А теперь давайте-ка вспомним: были нам в недели коронавирусного карантина интересны хоть какие-то градостроительные бумаги? Градозащитникам — поскольку это сфера их интересов — были: движение «Архнадзор», активисты которого участвовали в баталиях вокруг «Наполеоновского театра» еще до образования самого движения, отреагировало на новую экспертизу с яростью. «Аргументация «эксперта» Зыбайло напоминает лучшие образцы жанра 2000-х годов, - говорится в коллективном заявлении от имени движения: внутридворовый флигель (строение 3) «не обладает признаками объекта культурного наследия» потому, что, во-первых, признан ветхим; во-вторых, не выходит на улицу; в-третьих, повторяет формы уличного флигеля. Уценивая памятник в целом, Зыбайло предлагает переквалифицировать усадьбу в «доходное владение». ...О планах заказчиков «экспертизы» косвенно свидетельствует проект предмета охраны в составе вышеупомянутого акта. Не приходилось сомневаться, что в него войдет советская надстройка главного дома: застройщик удавится за эти метры. Во дворе, вырезаемом из территории памятника, предполагается копать и / или строить. Флигель по переулку (строение 2) сохраняется в исторических высотах и с фасадами, то есть по плану дворовое строительство, вероятно, отступает от него. Второму флигелю грозит всё что угодно, включая надстройку и снос».

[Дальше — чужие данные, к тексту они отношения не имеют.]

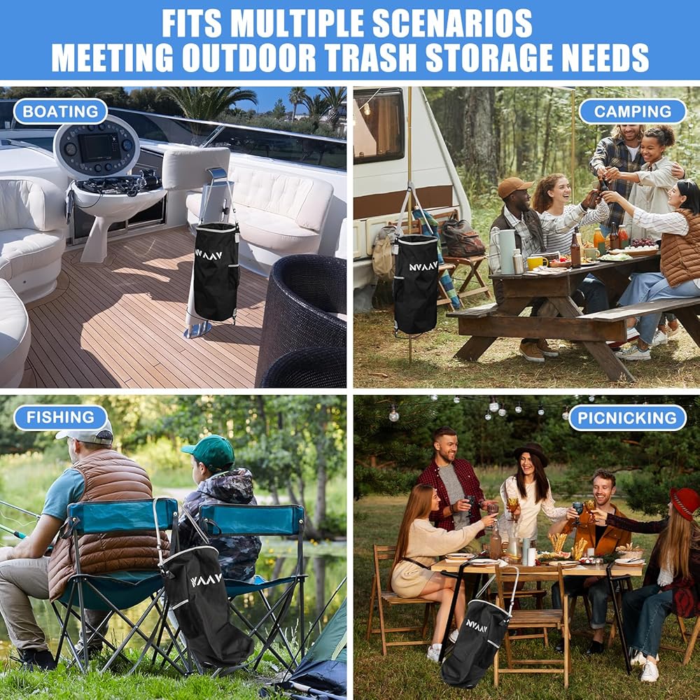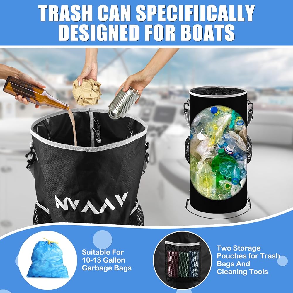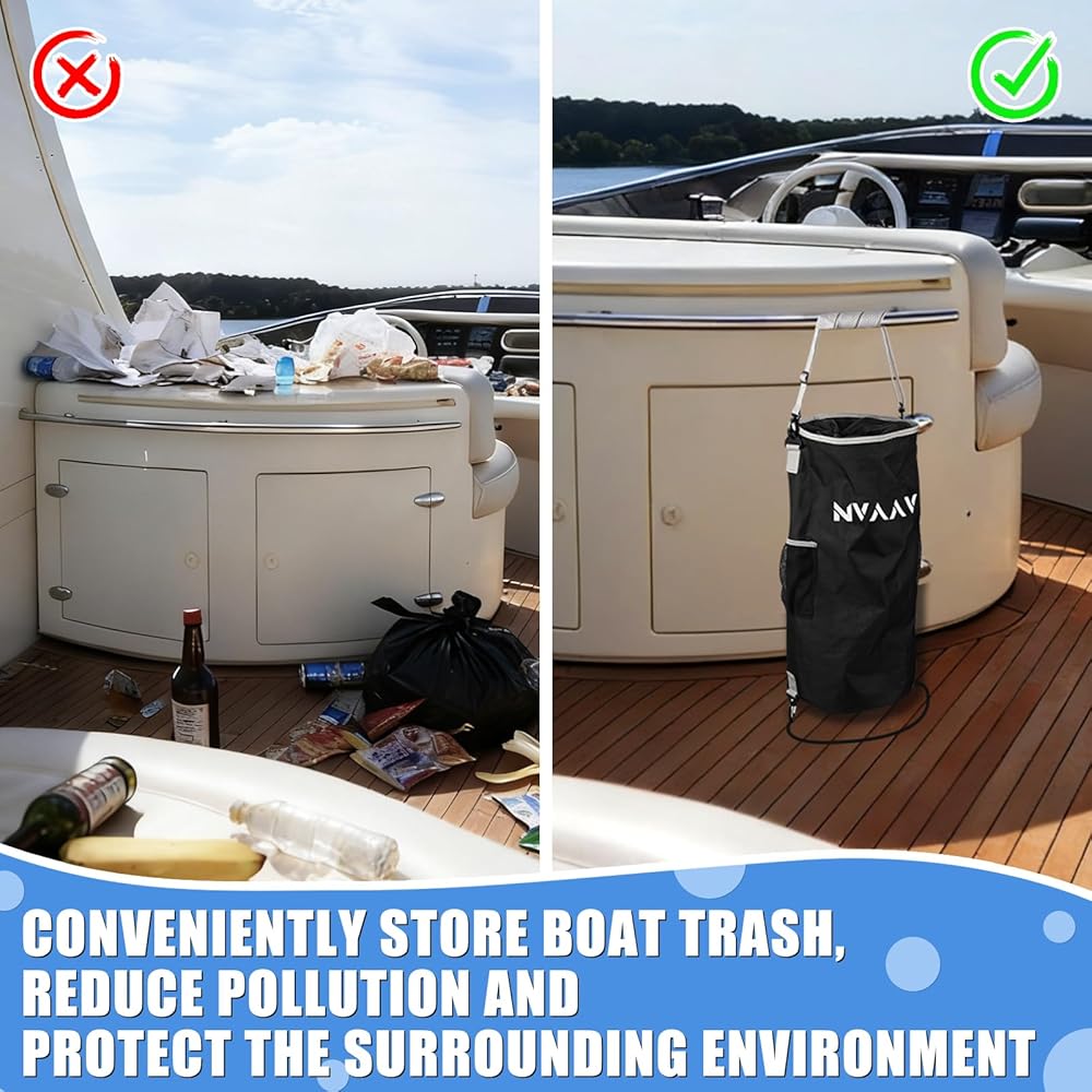 【Easy to Clean, Reusable】: This boat trash bag is easy to clean—a simple rinse quickly removes stains and eliminates lingering odors. Its waterproof liner ensures rapid drying after washing;Reusable and made from foldable material, it stores and carries effortlessly, always ready for your next voyage

- Предлагать из двух симметричных усадебных флигелей сохранить только один, потому что второй точно такой же и не виден с улицы — значит ничего не понимать, например, в архитектуре классицизма, ключевое понятие которой — симметрия, - подчеркивает градозащитник Рустам Рахматуллин. - Пользуясь такой, с позволения сказать, логикой, можно снести по одному флигелю у большинства классических усадеб вообще.
Мастера приспособления
Сейчас градозащитники требуют от Департамента культурного наследия (редакция «МК» запросила комментарий ведомства, оперативно он предоставлен не был) «выбросить в корзину» новую экспертизу и воспользоваться прежней — тем более, что Андрей Баталов ныне возглавляет Научно-методический совет при департаменте, а заместитель тогдашнего главы Москомнаследия Алексей Емельянов сейчас сам возглавляет Департамент. Тем временем, ситуацию для «МК» прокомментировала заказчик новой ГИКЭ Мария Ольшанская — общественный уполномоченный по культуре города Москвы, член рабочей группы Департамента предпринимательства и инновационного развития города Москвы по поддержке субъектов малого и среднего предпринимательства.
- Я выступила заказчиком, потому что это моя профессиональная деятельность, - поясняет Ольшанская. - Я юрист, и за 6 лет приняла участие более чем в 20 проектах приспособления памятников архитектуры к современному использованию. Заказчиком ГИКЭ мне приходится быть довольно часто. Что касается экспертизы, которую делал Баталов в 2010 году — сейчас она неприменима из-за того, что с тех пор изменилась нормативная база: это касается и пожарных норм, и доступа маломобильных групп граждан.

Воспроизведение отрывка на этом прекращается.